And what that means is that if you had an infinite data set and an infinite amount of time and you could solve this optimization problem perfectly then you should just recover the weak model predictions. So the strong model should converge to just doing the same thing that the weak model would do and we will not have any improvement. We will not see any pgR. We'll just get zero. But what we actually want is something different. Let's go to the next slide.

Yeah so we want to the strong model to be able to contradict the weak model predictions in certain cases. So when the strong model already has a pretty good idea of what the task is and it believes that the label should be different from what the weak model suggests, it shouldn't, we shouldn't overwrite it. We should follow what the strong model wants to predict. And we can operationalize this intuition by using this simple adjustment of the loss. So here we are mixing in some of the predictions from the strong model together with the weak model predictions. So we use a linear combination of those two. Which means that instead of just training the strong model to make the same predictions as the weak model would do, we are adjusting to sometimes follow our own predictions. And there are some details here which I'm skipping for the sake of time. But this is the main intuition. And it turns out that this idea works really well.

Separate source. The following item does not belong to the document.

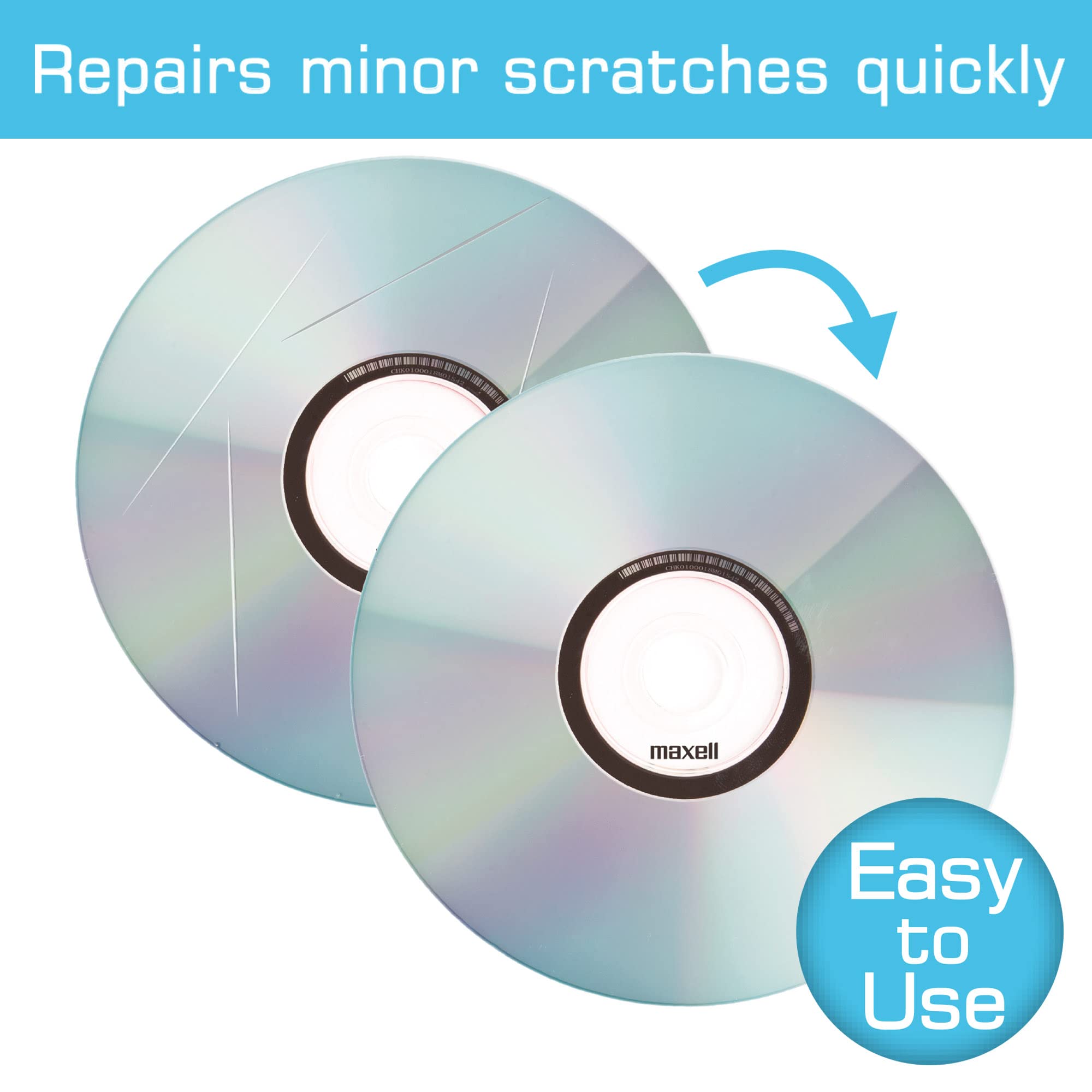 DISC SCRATCH REPAIR KIT: Maxell Disc Scratch Cleaner repairs scratches and skipping on different types of discs, including CDs, DVDs, music CDs, CD-ROMs, and game discs. Restores optimal disc performance.

So we can substantially improve the results in the NLP setting. So here we are again comparing to the baseline. And you can see that where before we are getting let's say like 30% PGR, we can go to almost 80% in certain cases. So it is actually working extremely well in NLP. And if we look at individual datasets, the results are quite striking. So on many of them we are basically seeing this very dramatic jump from pretty bad performance to basically recovering the full performance of the large model.

So GPT-2 supervising GPT-4, we are almost recovering the full performance of the GPT-4. Even when the weak model had around 60% accuracy, we can recover almost 90% accuracy. For example in the leftmost, in the first experiment, there are some datasets where it doesn't actually work. So out of our 22 datasets, it seems that about two or three datasets show negative results from this loss. But they also tend to be datasets where we already see some weirdness even with the baseline. So for example here the performance doesn't just improve with the size of the strong model even when we train on the ground truth labels.

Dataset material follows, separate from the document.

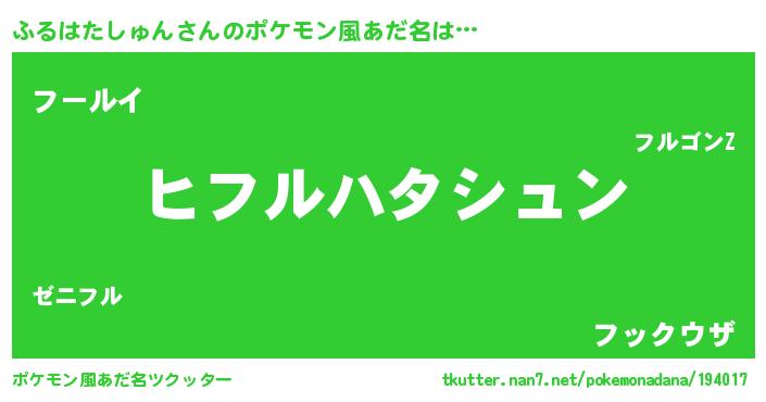| 女子向けラノベタイトル風あだ名 | 『ふるはたしゅん様がみてる』 |

And a final thought is this still doesn't help on the reward modeling task. So both of the methods that I described don't help with reward models and we are still looking for a satisfying kind of method, satisfying resolution for the reward models. And yeah, this is still something for future work. So yes, those are the main results and in the paper we are also spending a bit of time looking into understanding and we are looking for example into how much the weak model simulates, the strong model simulates the weak model. And we also have some other results that I'll not be able to present here today due to time constraints, but I wanted to share this one understanding result.

So as I mentioned already, naively when we train the strong model into weak model supervision, one of the failure modes is that we'll just mimic the predictions of the supervisor. And the weak model, the strong model will just follow the same mistakes that the weak model would make and that's what should happen if we had an infinite data set and an infinite amount of time. But in practice we are training on a finite data set and so it's an open question how much the strong model will mimic the predictions of the weak model. And we can actually study this directly so we can consider this agreement metric which is the fraction of the test data points where the student and the supervisor make the same predictions. So after we train the student on the labels from the supervisor, what's the fraction of the test inputs that they label in the same way.

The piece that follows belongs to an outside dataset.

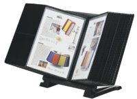 * Handig kunststof informatiesysteem in zwart voor op het bureau of aan de wand. * De gebruiker bepaalt zelf de optimale leesstand. * De basisset heeft 10 A4-infotassen voor 20 A4-tjes. * Zeer stabiele standaard door de verzwaarde metalen onderzijde. 1 stuk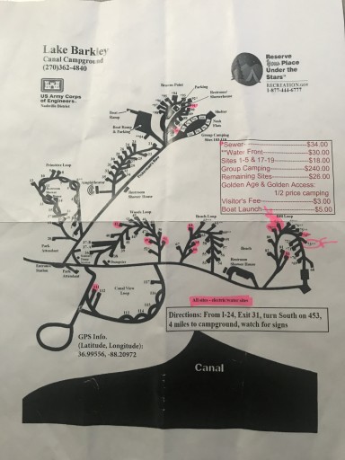 Online reservations only. We arrived after hours and had no trouble finding our spot #73. (Only avail for 1 night) Road was steep but we managed to get in ok with our 28’ Airstream. Found a couple spots available for the upcoming night (Thursday) so made another resv for spot #78. After walking around the entire campground we found that there really aren’t many “bad” spots with the exception of a few that have wash out. Canal View loop is all blacktop. Primitive loop is ok for smaller units and/or tents. Fisherman’s row has a few with water views and is a nice loop especially if you have a boat. There are 8 sites in Browns Point that have sewer hookup. ALL sites have water and electric. Group Camping is a nice loop for large Class A’s. All concrete but much like a big parking lot but plenty of space. Shelter and boat dock in this loop. Beach loop would be a great loop for kids as there is a playground and of course the beach. Although no water there now. Great campground for walking.

So here I'm showing the agreement for the NLP tasks and for both the baseline and for our confidence loss that I described. And we're also showing the results separately for data points where the supervisor is correct and data points where the supervisor is wrong. And the first observation that we can make here is that the agreements are actually quite high and in particular even on data points where the supervisor is wrong which means that the student is actually inheriting some of the mistakes and biases of the supervisor. It's simulating some parts of the wrong signal that come from the supervisor. And another point is that confidence loss actually helps reduce the agreement and that was our intuition when we came up with the laws and it seems to hold.

So when we train the same weak to strong pair that we supervise our same strong student but with the confidence loss where we get less agreement and in particular less agreement on the incorrect data points. And that is part of the reason possibly why it works. But another interesting thing is that we are seeing inverse scaling and this is not something that we expected at all going into this project and we were quite surprised. But you can see that all of these curves are sloping downwards.

They're going down as the student size increases. So for a fixed weak model the strong model is able to simulate the labels from the weak model worse and worse as the size of the strong model increases and this is unusual. Usually like the larger the model the better it is able to do the tasks that we are training it for. But here we are seeing the opposite and it's quite interesting and not something that we fully understand but I think we have some intuitions and also this points to a possible disanalogy because in the future we might expect that the superhuman models can be very good at mimicking our biases and mistakes unlike in our setting.

Again with that Koen will continue. Thanks.

So our work I think is very exciting because I think it makes it easy to study this problem a really core challenge of super alignment in a way that is I think analogous in many ways to the future problem that we'll ultimately care about. But ultimately our setup still has some limitations. For example we make some simplifications like we just focus on classification tasks mostly and just focus on cases where models can do some tasks in a single forward pass. We don't give them time to think in chain of thought. That's something that we'll work on extending in the future but for simplicity this is one simplification that we made.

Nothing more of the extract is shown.